This wasn't the end of it
I had gotten the setup to work, turns out there was no compatibility issue and I likely never needed to swap out my cables or buy the IBM one. I was ecstatic but this was far from over. I had intended to run this setup with Proxmox on my server and Windows as a client machine. Both of these systems would be equipped with 40G.
Since I knew I was going to mess up the Proxmox install several times, I first backed up everything to another drive. Once done I proceeded to install the Mellanox OFED drivers on Proxmox. There is a couple issues with trying this, the OFED drivers try to remove very critical packages from Proxmox since they 'interfere' with the drivers (they don't). So I edited the mlnxofedinstaller script and commented out all calls to the 'remove_old_packages' function. This prevented the installer from giving Proxmox a lobotomy.

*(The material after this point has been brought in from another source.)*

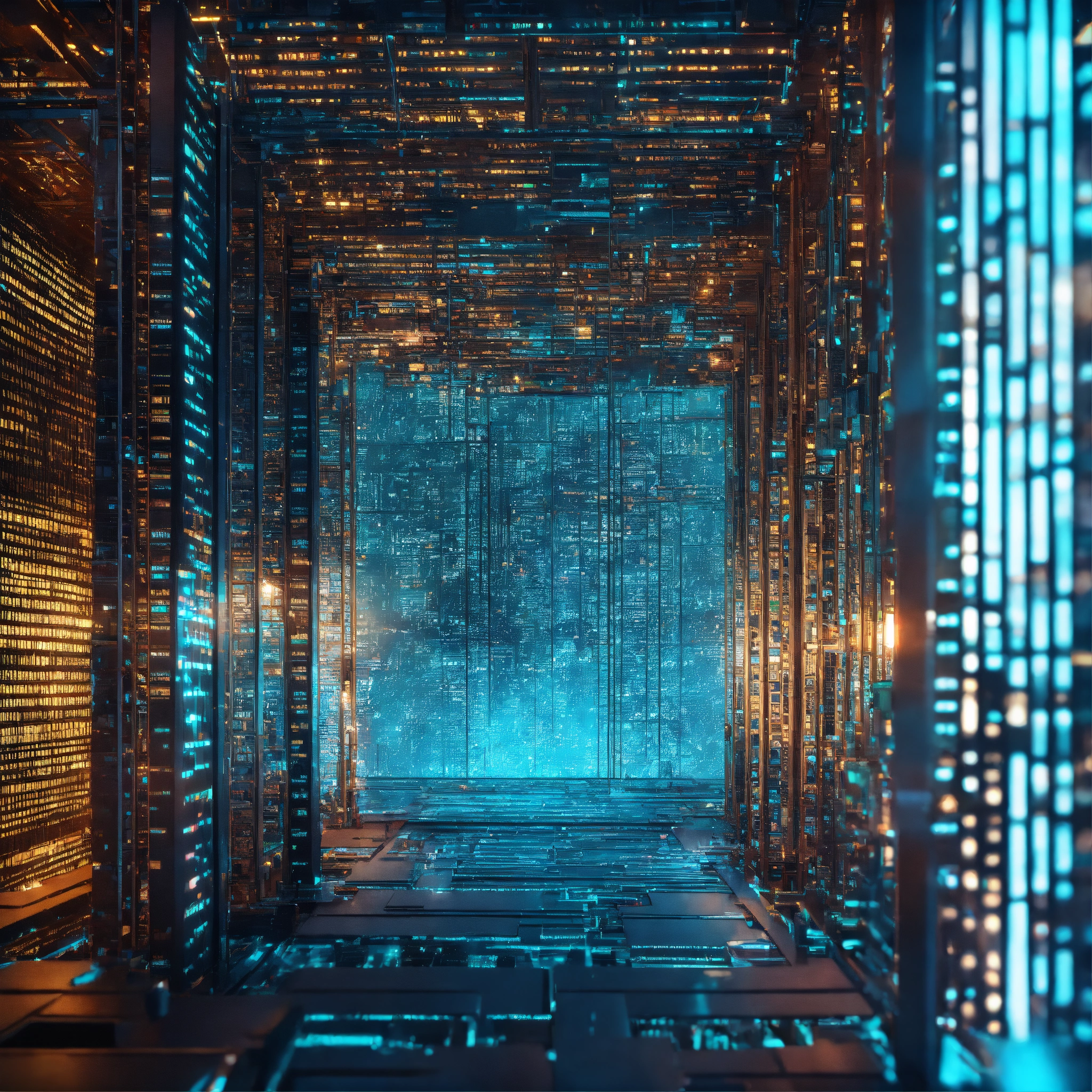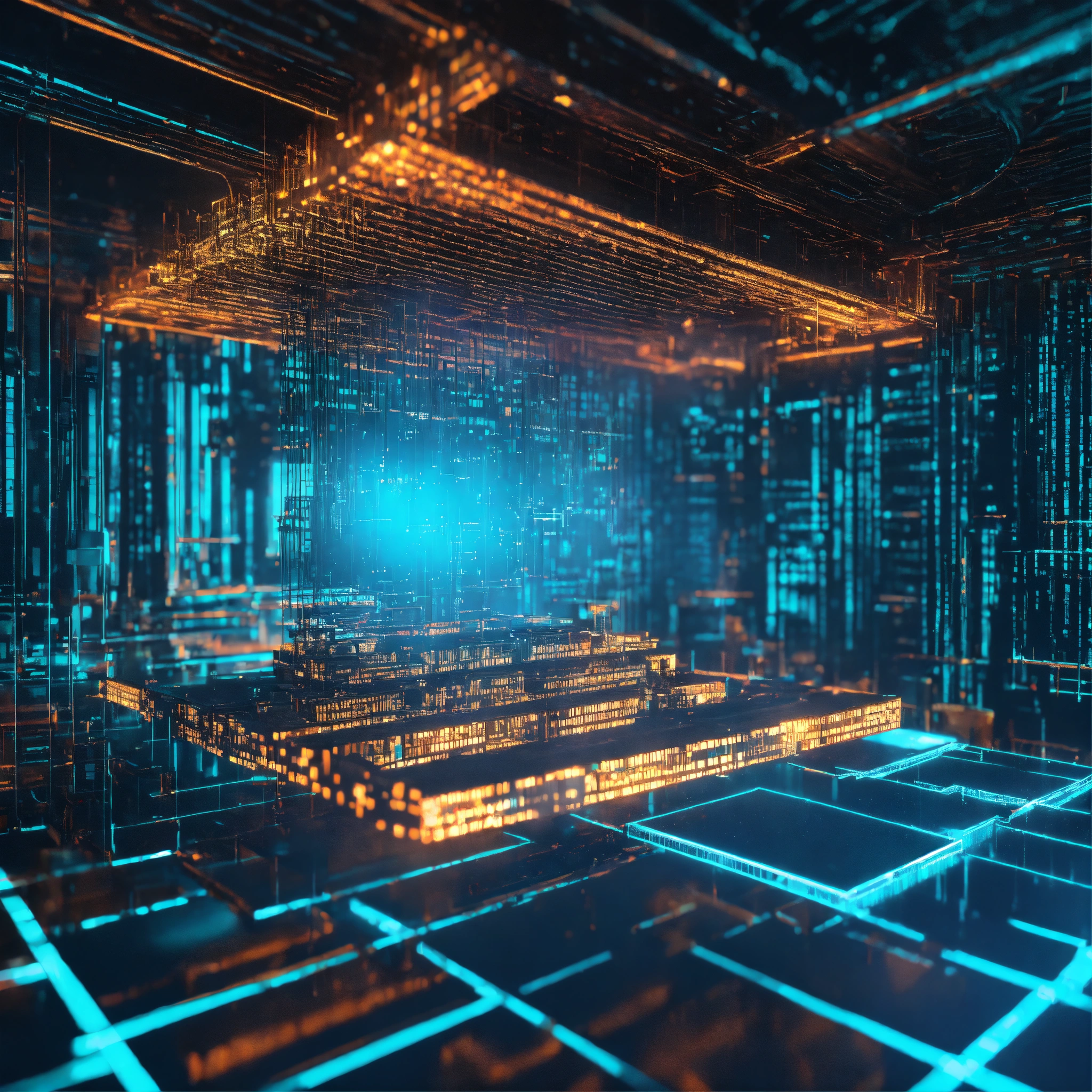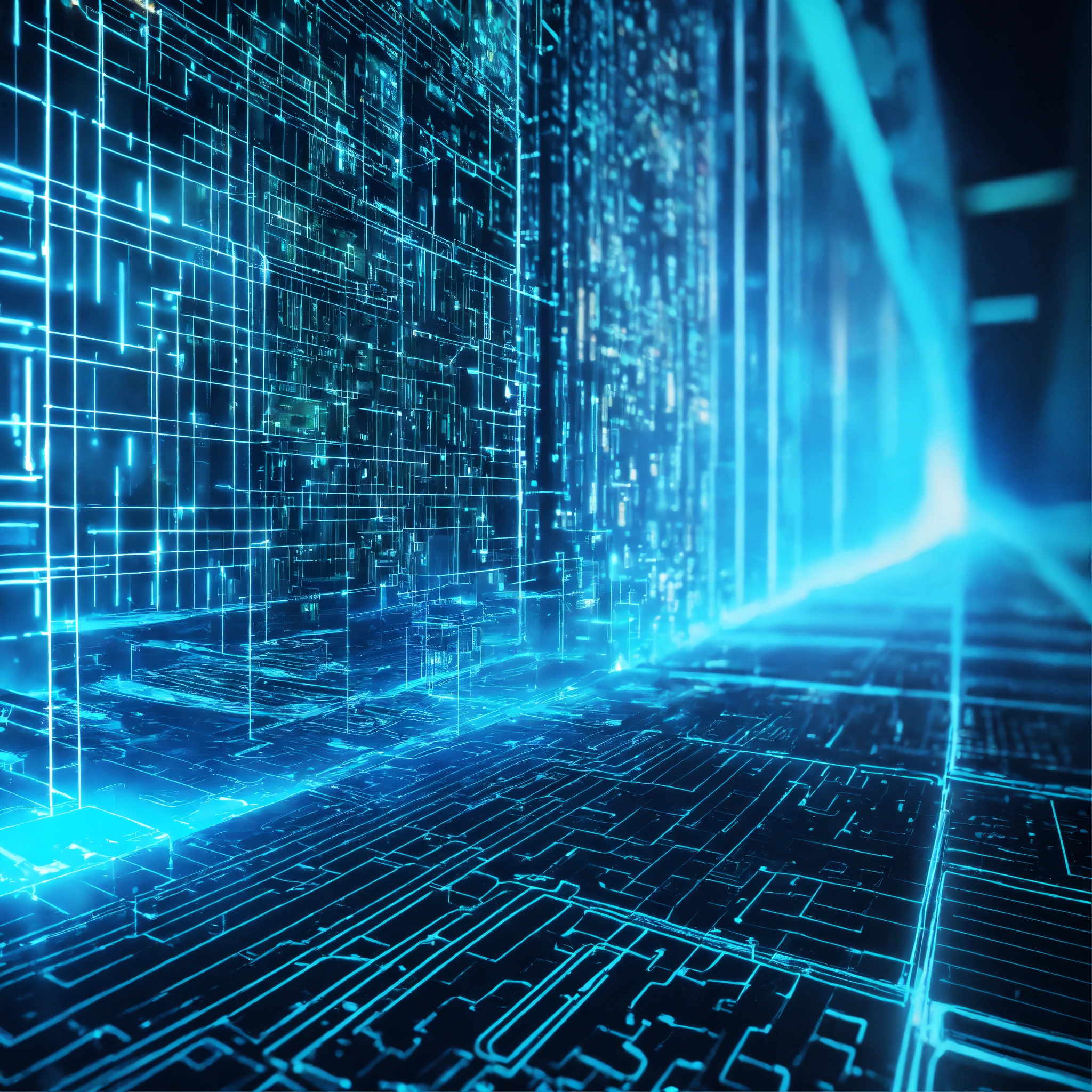 Ultra realistic bright photo of a very high tech 3d software code structure lit with bright blue and turquoise light

At this point most things worked, the only issue I was having was sending data to the server. It wasn't accepting any more than a few megabytes per second, far less than I should be getting. I tried many different versions of the software, trying the Ubuntu 20.04, 19.XX didn't work because of dependencies that Proxmox doesn't have but those two installs do. I was forced to install Ubuntu 18.04 drivers since these were the latest drivers without dependency issues. Installing the drivers typically didn't solve the speed issue. So I tried to install kernel packages only using the --kernel-only
flag on the installer. At some point I had gotten the speeds I was looking for, but this was a fluke as I wasn't able to replicate them later. I decided to try some variation of the Debian 10 drivers, got slightly better speeds at 20MB/s. After some time bouncing ideas off someone else, I tried setting the 40G network to 9000 MTU. This lead to some seriously odd results. Speeds of barely 1 gigabit even though the entire setup had MTU of 9000. I switched it back to 1500 to do further testing on Ubuntu instead of Proxmox, since I had good speeds on Ubuntu. This failed to come through, the speed tests I ran originally must've been a fluke.

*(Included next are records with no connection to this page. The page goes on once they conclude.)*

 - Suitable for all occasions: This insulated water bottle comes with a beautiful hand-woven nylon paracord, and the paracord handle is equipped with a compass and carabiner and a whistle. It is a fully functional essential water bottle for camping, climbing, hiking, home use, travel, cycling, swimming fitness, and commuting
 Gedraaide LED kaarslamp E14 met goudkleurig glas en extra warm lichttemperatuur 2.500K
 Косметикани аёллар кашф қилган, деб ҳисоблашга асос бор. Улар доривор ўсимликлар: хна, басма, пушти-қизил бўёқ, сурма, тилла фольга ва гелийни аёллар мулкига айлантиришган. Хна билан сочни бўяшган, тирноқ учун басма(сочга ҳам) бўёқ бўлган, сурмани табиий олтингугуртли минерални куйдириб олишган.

I decided to swap the NICs in the systems, labeling them 1 and 2 after I took them out so I didn't get them confused. After running more speed tests, it turns out the card in the Proxmox system was the issue. I was able to send at full speed, but not able to receive at full speed. I recalled the drivers updating the firmware on that NIC and didn't think much of it since I was using the latest version. So I re-flashed the cross flashed version I had originally installed. After further testing we concluded the limited speeds of 22GBit/s up and 11GBit/s down were the result of various bottle necks between the systems. Specifically testing on RAM disks with a 30 gibibyte file, we concluded the server with twice the DIMMs populated was able to write at twice the speed. Attempting to use the NVMe with a NTFS file system on the test system did poorly due to the compatibility layer being single threaded. After running a dozen more iperf tests, everything was running smoothly, even with the server running Proxmox.
A caveat when using the OFED drivers, you will lose the ability to connect to CIFS network shares. The OFED drivers unload this module until the driver is no longer running. The Ethernet drivers work but it may be necessary to cross flash to mellanox firmware.
The route ahead
Since I was on a budget of about $1,500, I had to go with some of the cheapest equipment I could find. Hence the $60 network cards. When I found this Mikrotik switch new for $500 I was stoked. It had all I needed for the best price I could find, even beating some used units. It didn't have port licensing and came with one of the top tier software licenses. It was really a hard deal to beat. Of course everything comes with compromises.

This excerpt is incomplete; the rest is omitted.